§ What the task asks
Wherever a line in the data below holds "mirror", copy that line.

§ Data records

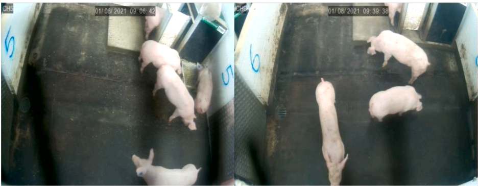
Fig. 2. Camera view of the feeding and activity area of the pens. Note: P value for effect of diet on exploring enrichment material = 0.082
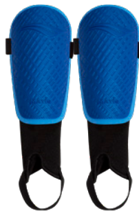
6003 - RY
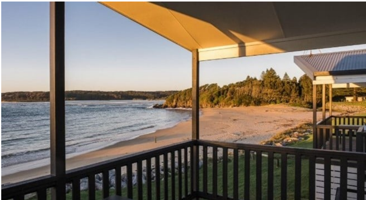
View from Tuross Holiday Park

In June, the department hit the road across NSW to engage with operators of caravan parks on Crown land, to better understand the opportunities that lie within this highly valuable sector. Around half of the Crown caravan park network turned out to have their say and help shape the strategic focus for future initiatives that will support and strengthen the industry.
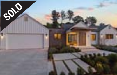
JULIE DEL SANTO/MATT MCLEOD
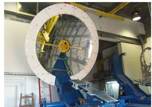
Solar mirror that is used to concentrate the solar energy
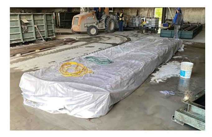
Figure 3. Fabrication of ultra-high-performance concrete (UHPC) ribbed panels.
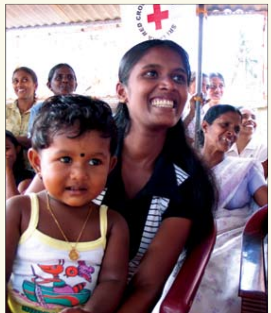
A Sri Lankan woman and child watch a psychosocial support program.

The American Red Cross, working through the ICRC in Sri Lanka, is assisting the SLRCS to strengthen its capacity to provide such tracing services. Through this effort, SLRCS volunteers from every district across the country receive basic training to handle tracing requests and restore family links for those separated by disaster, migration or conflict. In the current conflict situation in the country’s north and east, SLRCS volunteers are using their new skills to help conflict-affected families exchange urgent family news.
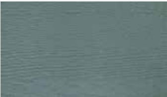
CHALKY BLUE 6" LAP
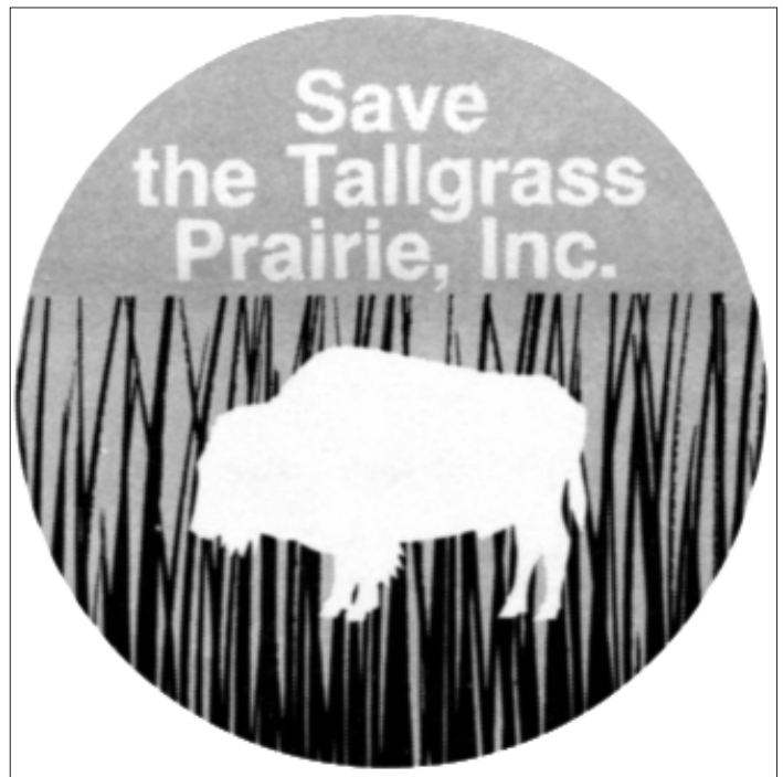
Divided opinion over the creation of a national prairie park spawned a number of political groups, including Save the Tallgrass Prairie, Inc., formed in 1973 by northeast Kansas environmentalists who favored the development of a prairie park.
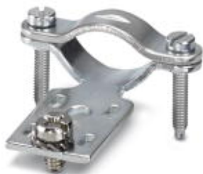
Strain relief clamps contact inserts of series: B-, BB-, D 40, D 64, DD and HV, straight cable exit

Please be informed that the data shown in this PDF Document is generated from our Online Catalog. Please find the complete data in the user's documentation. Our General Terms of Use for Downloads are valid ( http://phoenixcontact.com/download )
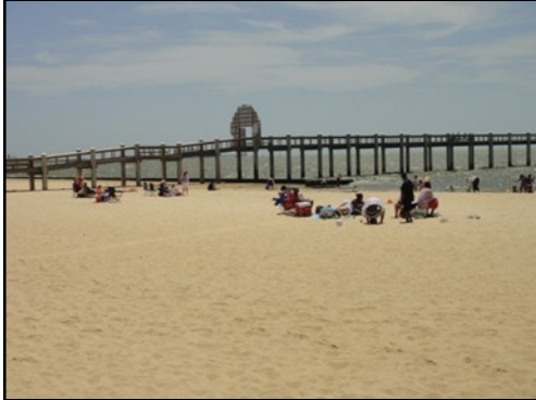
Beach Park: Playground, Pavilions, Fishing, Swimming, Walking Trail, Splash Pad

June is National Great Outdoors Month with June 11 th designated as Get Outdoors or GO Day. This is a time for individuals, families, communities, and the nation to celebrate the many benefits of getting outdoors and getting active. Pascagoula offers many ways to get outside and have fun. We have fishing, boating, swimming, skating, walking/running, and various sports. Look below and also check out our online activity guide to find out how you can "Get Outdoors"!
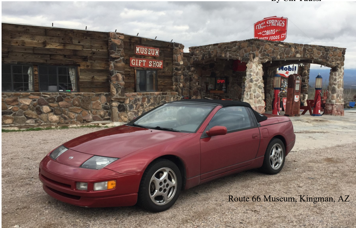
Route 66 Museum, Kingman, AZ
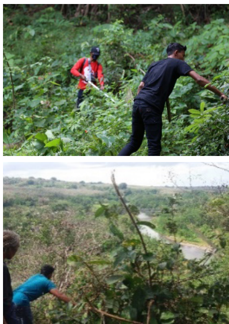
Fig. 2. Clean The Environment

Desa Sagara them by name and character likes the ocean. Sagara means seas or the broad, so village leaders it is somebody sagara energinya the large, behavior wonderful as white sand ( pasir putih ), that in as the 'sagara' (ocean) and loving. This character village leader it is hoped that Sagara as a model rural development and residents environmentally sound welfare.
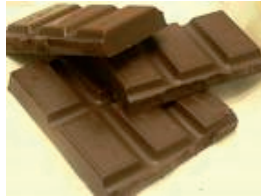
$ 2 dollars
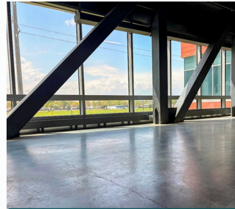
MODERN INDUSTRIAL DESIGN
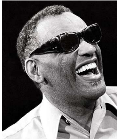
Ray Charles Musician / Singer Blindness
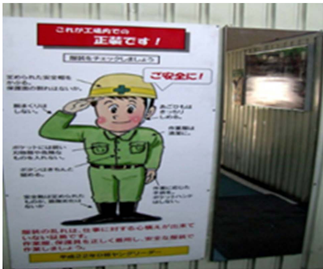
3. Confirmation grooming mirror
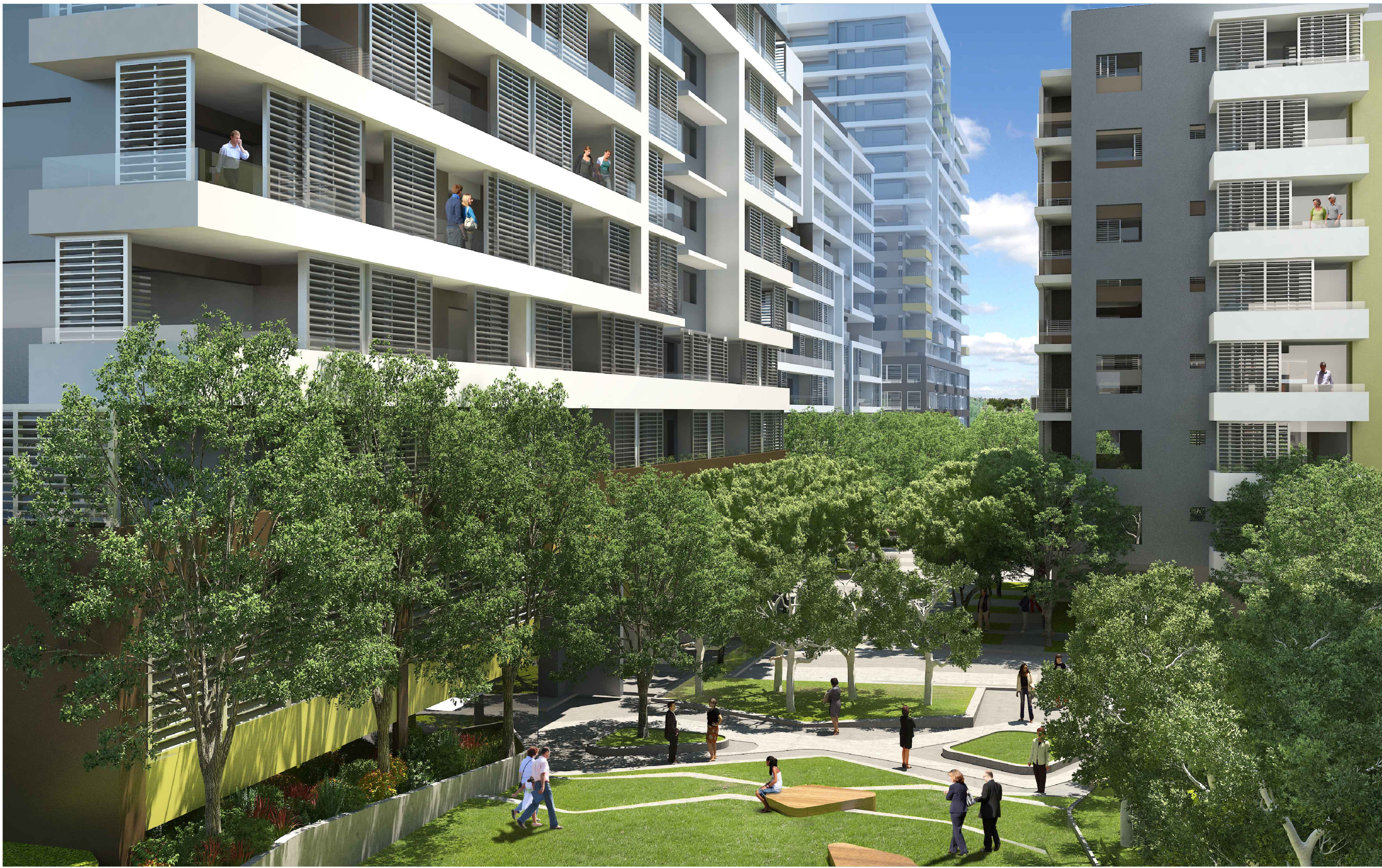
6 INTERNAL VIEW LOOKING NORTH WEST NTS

§ Exercise output
Solar mirror that is used to concentrate the solar energy
3. Confirmation grooming mirror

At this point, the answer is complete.